For the material that follows, return exactly the lines from the one with "熱推梳妝台臥室簡約現代小戶型化妝台(Q款70長+智慧鏡+圓凳)" through the one with "Four years later, Westgate", both ends included.
═══ Records for this exercise
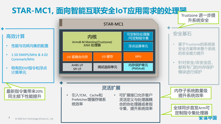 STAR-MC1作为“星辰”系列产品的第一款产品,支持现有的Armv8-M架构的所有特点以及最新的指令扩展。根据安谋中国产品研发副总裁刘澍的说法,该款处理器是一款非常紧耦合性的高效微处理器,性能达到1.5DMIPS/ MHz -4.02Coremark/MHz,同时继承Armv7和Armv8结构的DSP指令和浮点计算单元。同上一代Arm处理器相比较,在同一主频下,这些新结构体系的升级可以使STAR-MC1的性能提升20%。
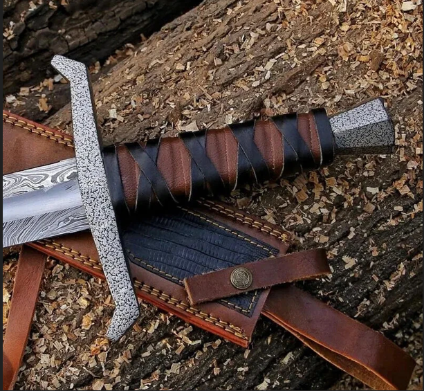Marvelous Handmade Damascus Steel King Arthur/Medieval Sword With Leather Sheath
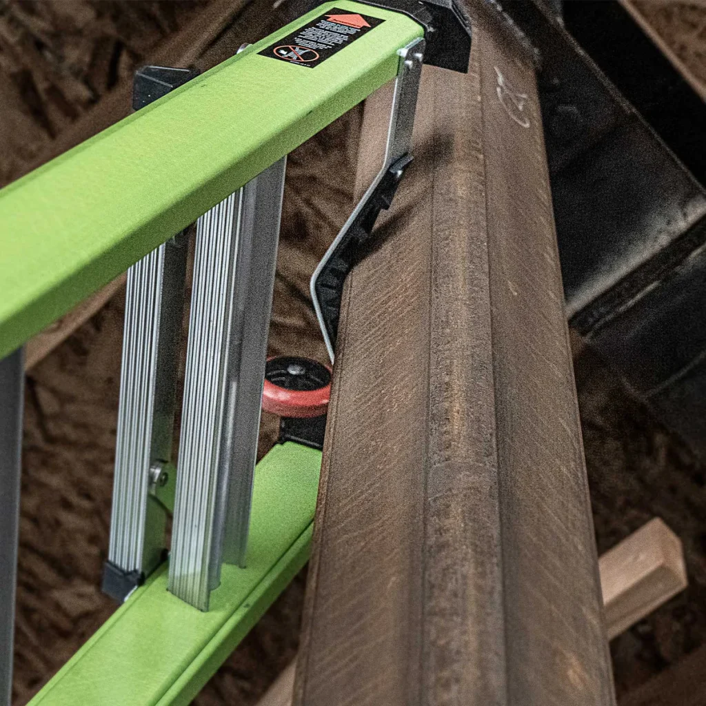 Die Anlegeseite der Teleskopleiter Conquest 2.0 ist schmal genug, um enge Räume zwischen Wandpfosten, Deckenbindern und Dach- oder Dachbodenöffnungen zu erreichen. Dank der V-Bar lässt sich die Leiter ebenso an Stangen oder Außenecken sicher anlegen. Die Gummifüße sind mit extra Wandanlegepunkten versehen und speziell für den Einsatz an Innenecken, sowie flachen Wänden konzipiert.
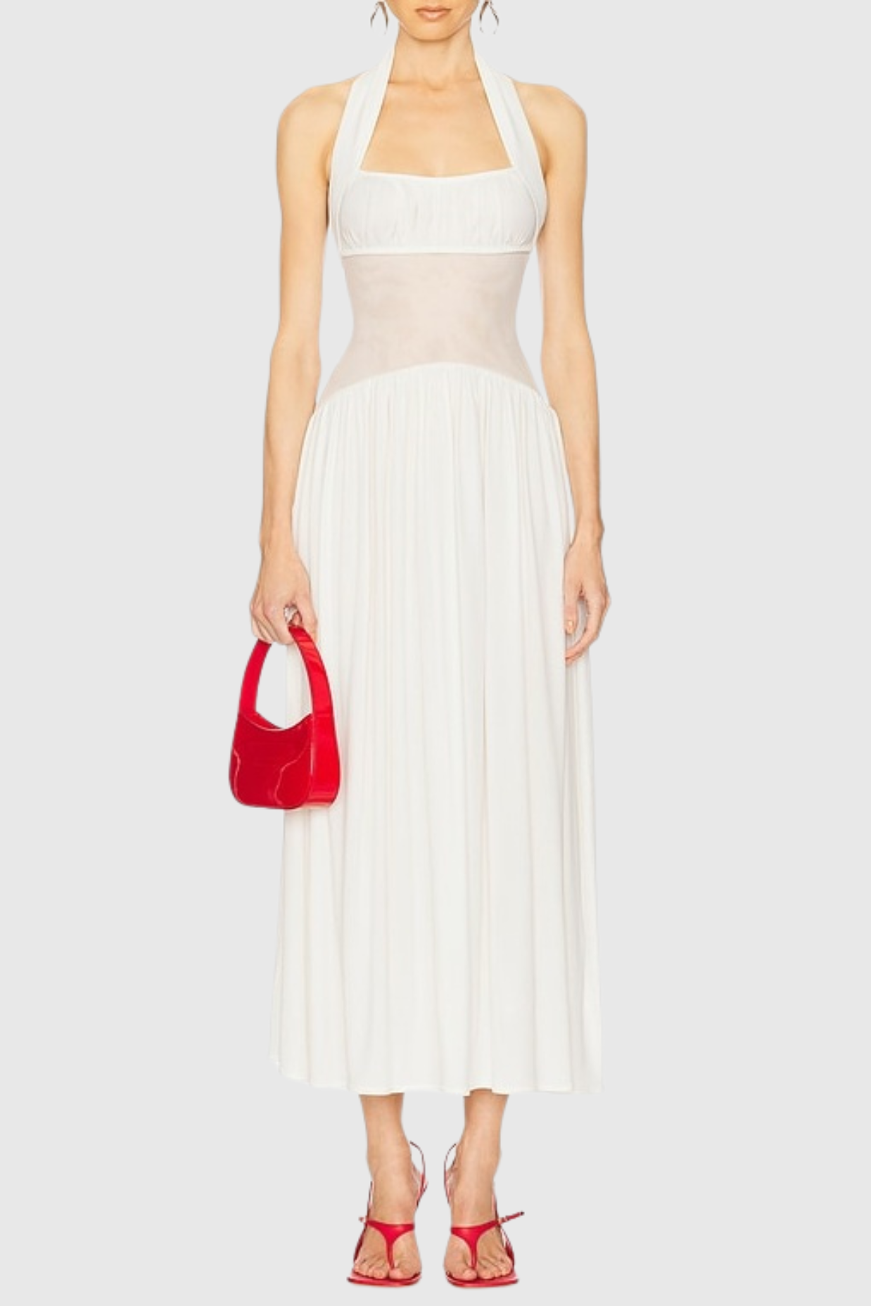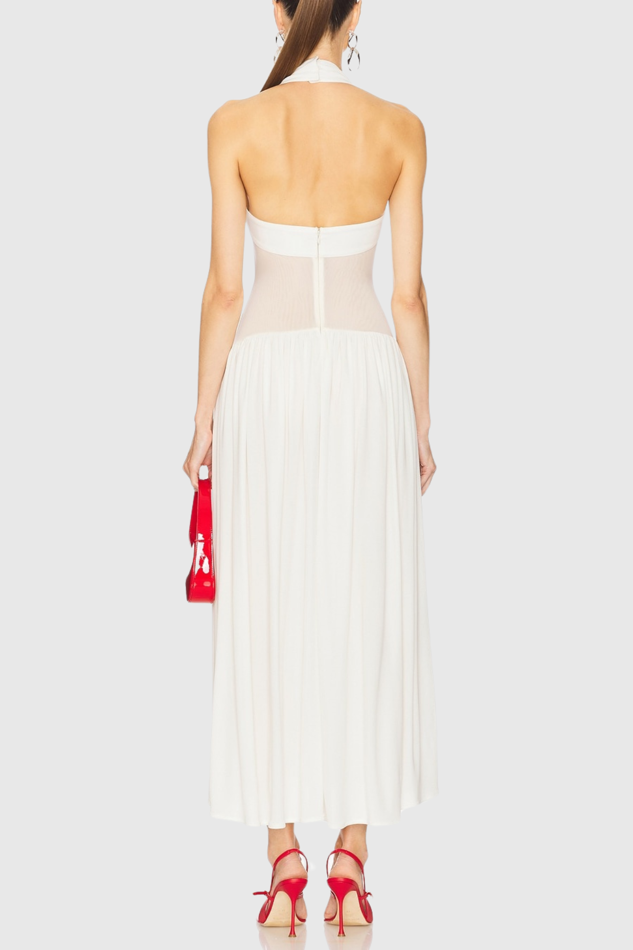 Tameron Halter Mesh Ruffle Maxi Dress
══════
═══ Records for this exercise
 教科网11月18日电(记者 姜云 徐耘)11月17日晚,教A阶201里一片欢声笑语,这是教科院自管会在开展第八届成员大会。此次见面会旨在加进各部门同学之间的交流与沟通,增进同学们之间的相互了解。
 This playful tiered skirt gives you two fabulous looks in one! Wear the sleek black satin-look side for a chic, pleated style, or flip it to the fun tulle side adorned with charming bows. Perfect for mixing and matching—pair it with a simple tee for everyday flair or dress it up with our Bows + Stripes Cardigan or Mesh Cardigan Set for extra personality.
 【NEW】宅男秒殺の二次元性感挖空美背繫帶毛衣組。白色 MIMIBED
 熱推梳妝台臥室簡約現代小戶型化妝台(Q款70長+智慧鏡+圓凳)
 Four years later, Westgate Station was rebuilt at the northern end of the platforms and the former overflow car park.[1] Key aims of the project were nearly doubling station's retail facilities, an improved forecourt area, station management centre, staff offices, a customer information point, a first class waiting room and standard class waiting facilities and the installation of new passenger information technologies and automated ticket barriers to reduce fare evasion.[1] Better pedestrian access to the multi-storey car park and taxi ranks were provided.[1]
══════
═══ Records for this exercise
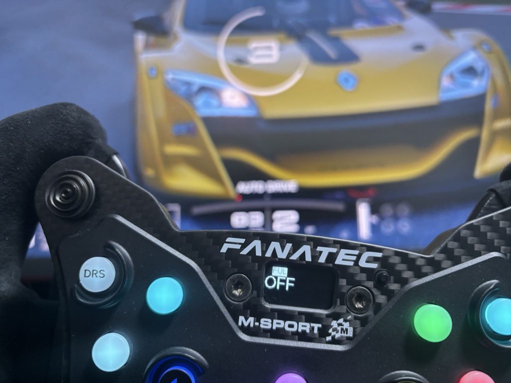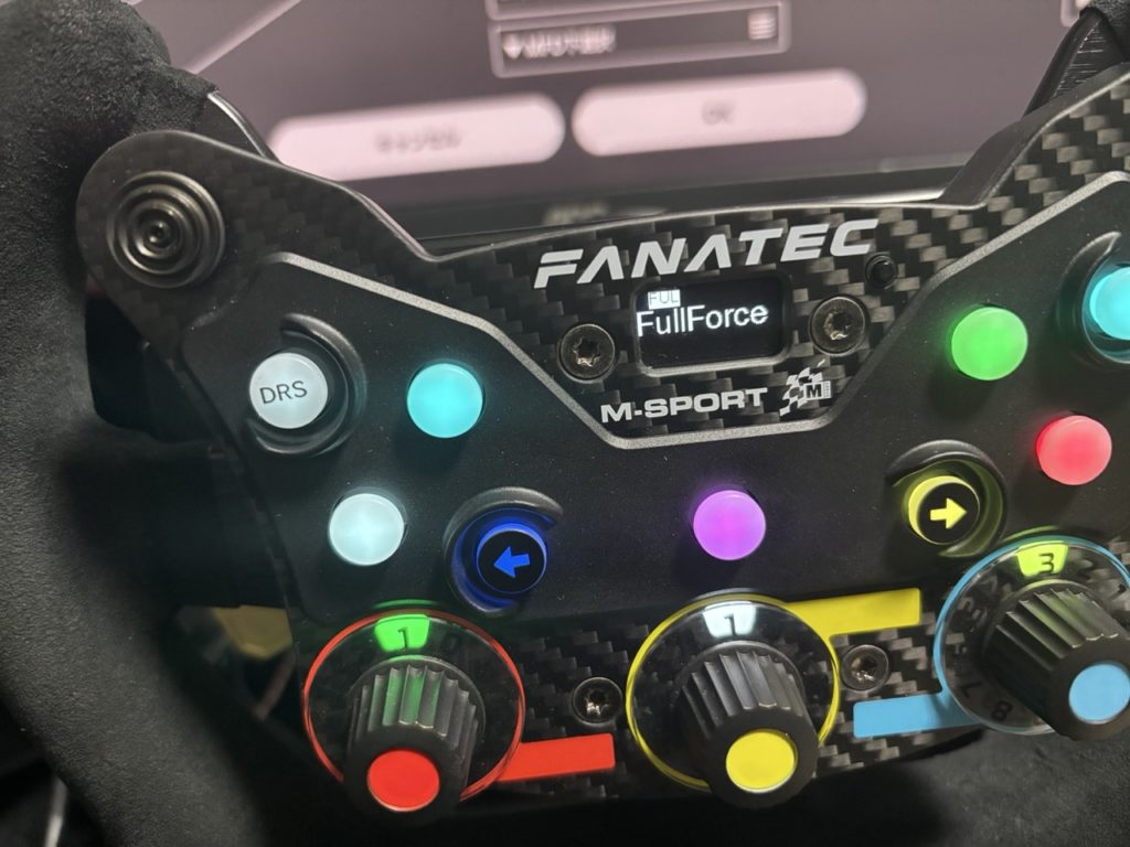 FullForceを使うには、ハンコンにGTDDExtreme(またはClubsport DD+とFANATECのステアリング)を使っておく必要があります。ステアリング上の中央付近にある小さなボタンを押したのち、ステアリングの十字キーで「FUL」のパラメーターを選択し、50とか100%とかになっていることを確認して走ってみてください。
══════
Answer to the exercise ->
 熱推梳妝台臥室簡約現代小戶型化妝台(Q款70長+智慧鏡+圓凳)
 Four years later, Westgate Station was rebuilt at the northern end of the platforms and the former overflow car park.[1] Key aims of the project were nearly doubling station's retail facilities, an improved forecourt area, station management centre, staff offices, a customer information point, a first class waiting room and standard class waiting facilities and the installation of new passenger information technologies and automated ticket barriers to reduce fare evasion.[1] Better pedestrian access to the multi-storey car park and taxi ranks were provided.[1]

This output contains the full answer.